== What you will do ==
Leaving out all pictures, transcribe the lines below exactly, from the first through the line containing "2 woodcuts. Each with pencil signature.".

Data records
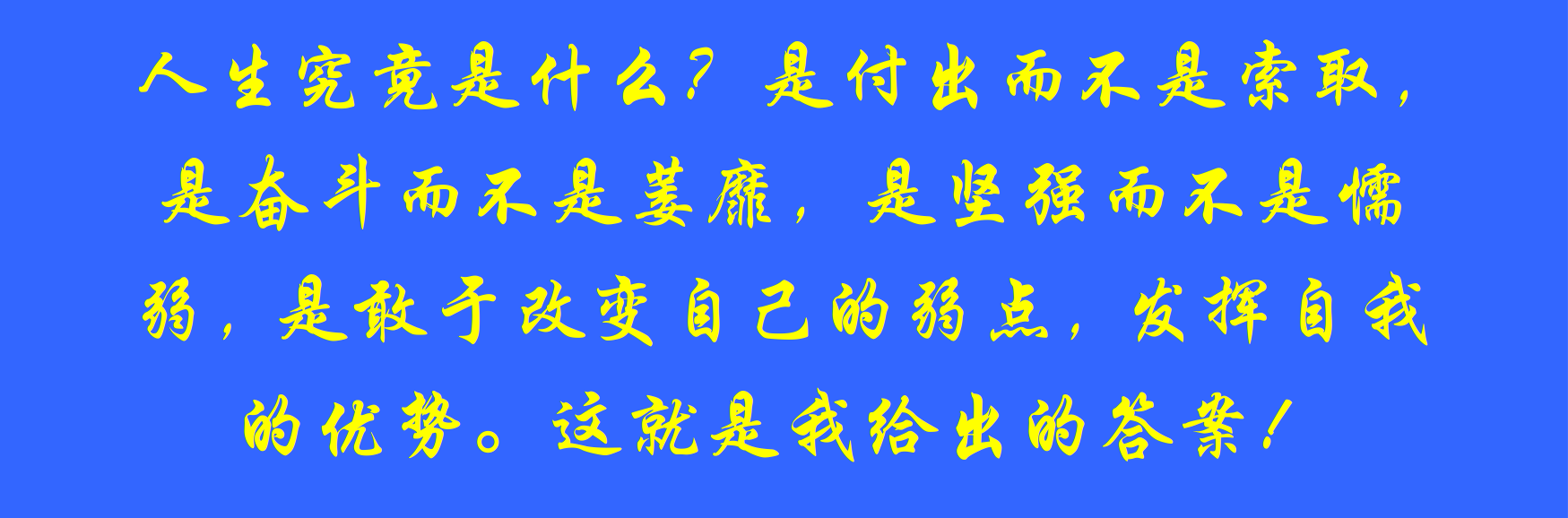每個人都有自己的選擇,即人生的態(tài)度。這就區(qū)分了人生的境界和高度,劃分了不同的人群和不同的階層,產(chǎn)生了千變萬化社會的形態(tài),這就是人與人的差別,這就是覺悟是人生最大的財富和成就未來的靈丹妙藥!
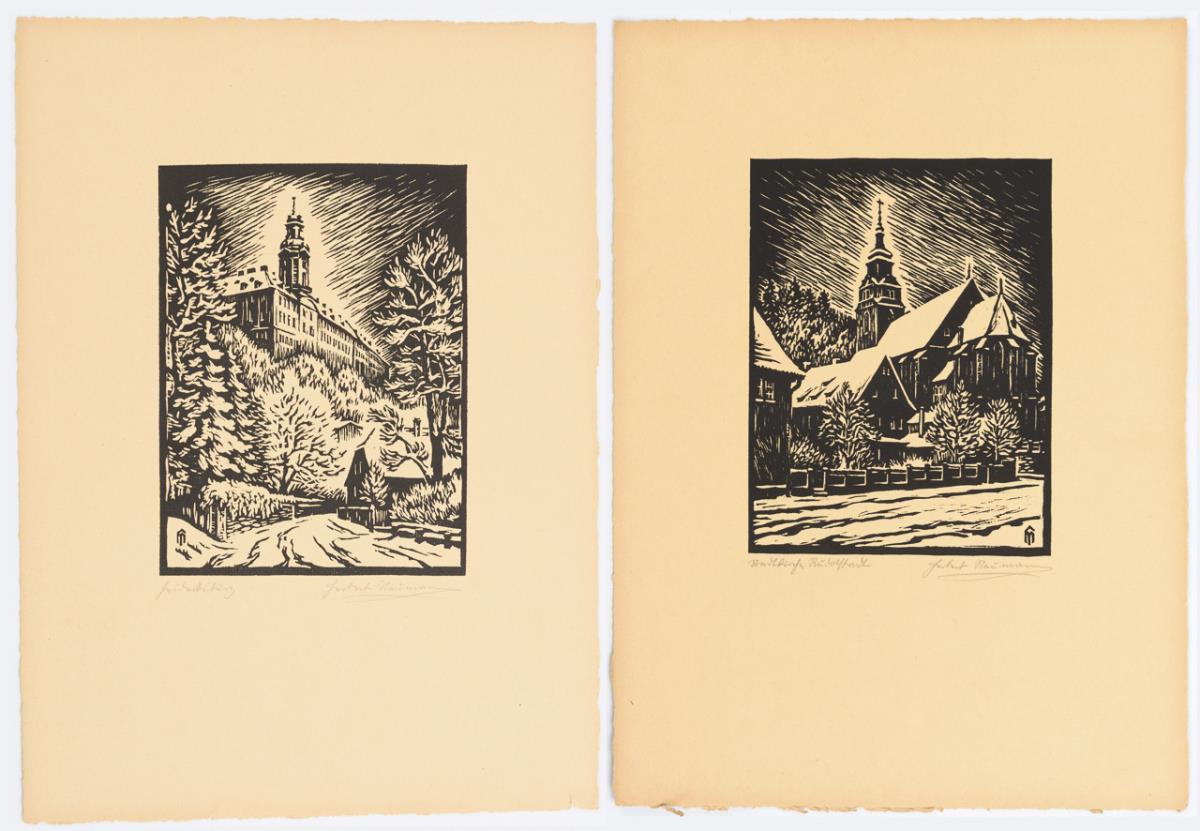 2 woodcuts. Each with pencil signature.
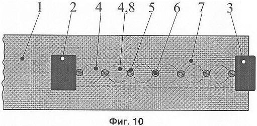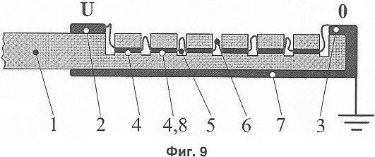 Дополнительный электрод 7 электрически соединен со вторым основным электродом 3, т.е. он также имеет нулевой потенциал. Таким образом, высокое напряжение между основными электродами 2 и 3 приложено также между первым основным электродом 2 и дополнительным электродом 7. Ширина плоского изоляционного тела 1 выбирается такой, чтобы электрическая прочность по верхней и нижней поверхностям плоского изоляционного тела по кратчайшему расстоянию между электродами 2 и 7 была выше, чем электрическая прочность между основными электродами 2 и 3. Изоляционные свойства материала, из которого изготовлено изоляционное тело 1, и его толщина должны быть такими, чтобы их электрическая прочность также была выше, чем разрядное напряжение разрядника между основными электродами 2 и 3. Это необходимо для того, чтобы при воздействии перенапряжения разряд развивался от основного электрода 2 через искровые промежутки между промежуточными электродами 4 ко второму основному электроду 3, а не напрямую между основным электродом 2 и дополнительным электродом 7. Благодаря наличию дополнительного электрода в этом варианте разрядника обеспечиваются малые разрядные напряжения, что позволяет ограничивать перенапряжения до весьма низкого уровня. Более подробно механизм влияния дополнительного электрода на разрядные напряжения поясняется фиг.11, 12.
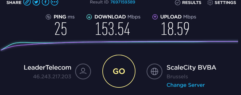 - Belguim was 25ms/153.54Mbps/18.59Mbps
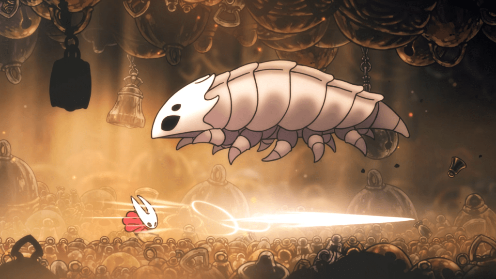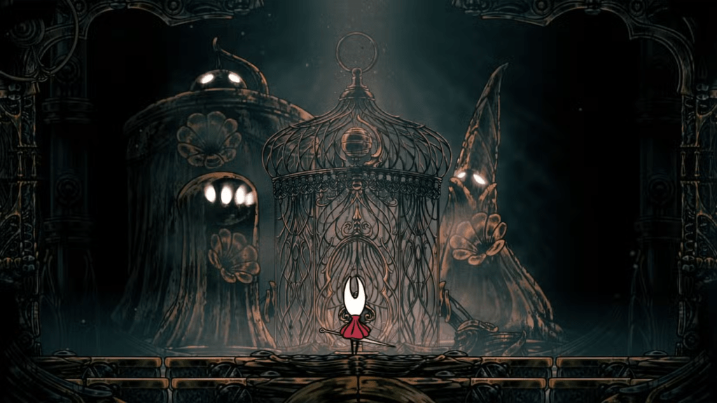 Obviously, the beautiful 2D art of the game has a large part in this, as does the elliptic, evocative writing: differently from so many video games, especially ones that pride themselves on their worldbuilding, neither Hollow Knight and Silksong favours the exposition-dump style of storytelling, instead insinuating and hinting and filtering its information through characters with their own perspectives and agendas. But, as much as these, it is the music written for the games by Christopher Larkin that gives their world and characters personality. Check out the three examples below: the tune written for Bone Bottom, a forlorn location early in the game peopled by insects at the onset of their pilgrimage to the Citadel of Pharloom, whose inhabitants try to forget that their journeys are as likely to end in death as in enlightenment; the music of Bellhart, an outpost halfway to the Citadel built around numerous bells; and the melodies of the Choral Chambers, a haunting place of gold and silk. There is a whimsical, Danny Elfman-like touch to some of Larkin’s music, which in Silksong is complemented by an ethereal sadness not unlike that of Thomas Newman’s best scores – but in all of this, the composer’s work never feels derivative but entirely of a piece with the world Team Cherry has created.

== Answer box ==
每個人都有自己的選擇,即人生的態(tài)度。這就區(qū)分了人生的境界和高度,劃分了不同的人群和不同的階層,產(chǎn)生了千變萬化社會的形態(tài),這就是人與人的差別,這就是覺悟是人生最大的財富和成就未來的靈丹妙藥!
 2 woodcuts. Each with pencil signature.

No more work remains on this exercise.